Apart from the images, every record here needs to be copied exactly.
--- GIVEN RECORDS ---
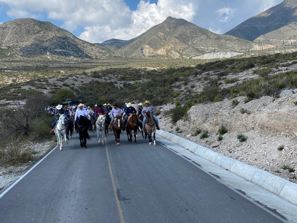 Habitantes del pueblo minero salieron a las calles para observar el paso de los caballos mientras saludaban a las autoridades y al diputado federal Ricardo Gallardo Cardona.
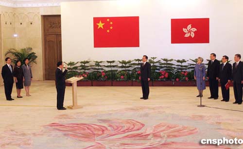 圖:香港特區(qū)行政長官曾蔭權宣誓就職
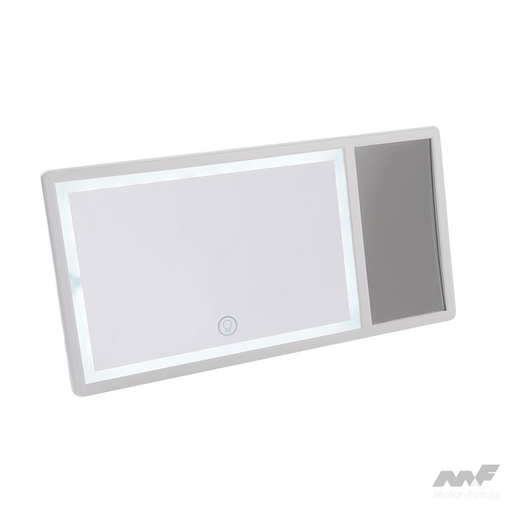 クルマに備え付けのバニティミラーが小さくて見にくい、照明が無くて夜間は使いにくいという人にピッタリ! 身だしなみチェックや化粧直し以外にも、後席に乗せている子どもやペットの様子を確認するのにも活用ができる。
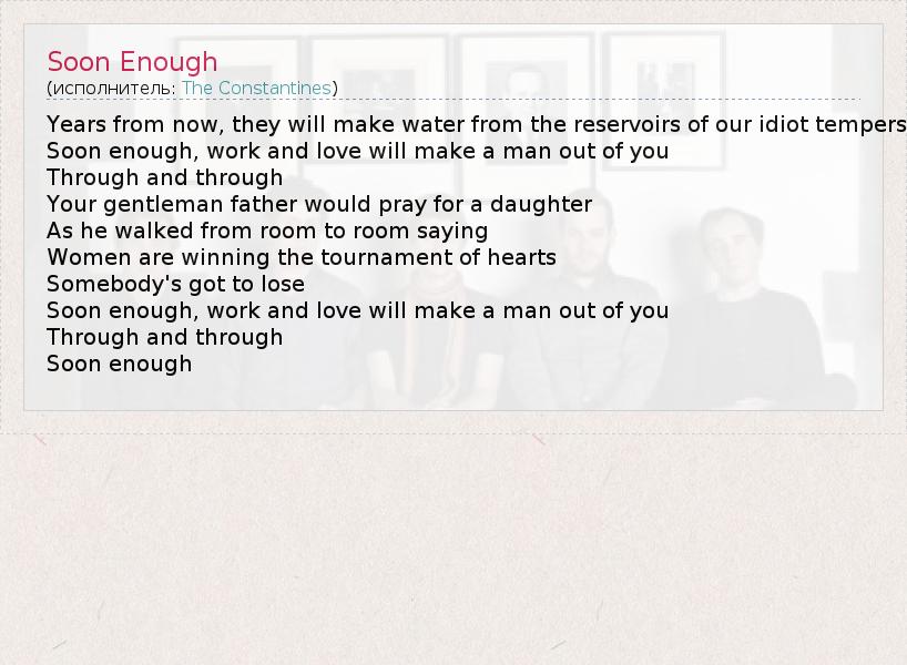 А как ты думаешь, о чем песня "Soon Enough" ?
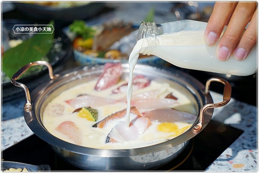 在牛奶鍋內滾煮的鮭魚片吃起來豐腴滑順、不乾澀的風味,無刺吃得更開心!
---
RESULT OF THE TASK —
 Habitantes del pueblo minero salieron a las calles para observar el paso de los caballos mientras saludaban a las autoridades y al diputado federal Ricardo Gallardo Cardona.
 圖:香港特區(qū)行政長官曾蔭權宣誓就職
 クルマに備え付けのバニティミラーが小さくて見にくい、照明が無くて夜間は使いにくいという人にピッタリ! 身だしなみチェックや化粧直し以外にも、後席に乗せている子どもやペットの様子を確認するのにも活用ができる。
 А как ты думаешь, о чем песня "Soon Enough" ?
 在牛奶鍋內滾煮的鮭魚片吃起來豐腴滑順、不乾澀的風味,無刺吃得更開心!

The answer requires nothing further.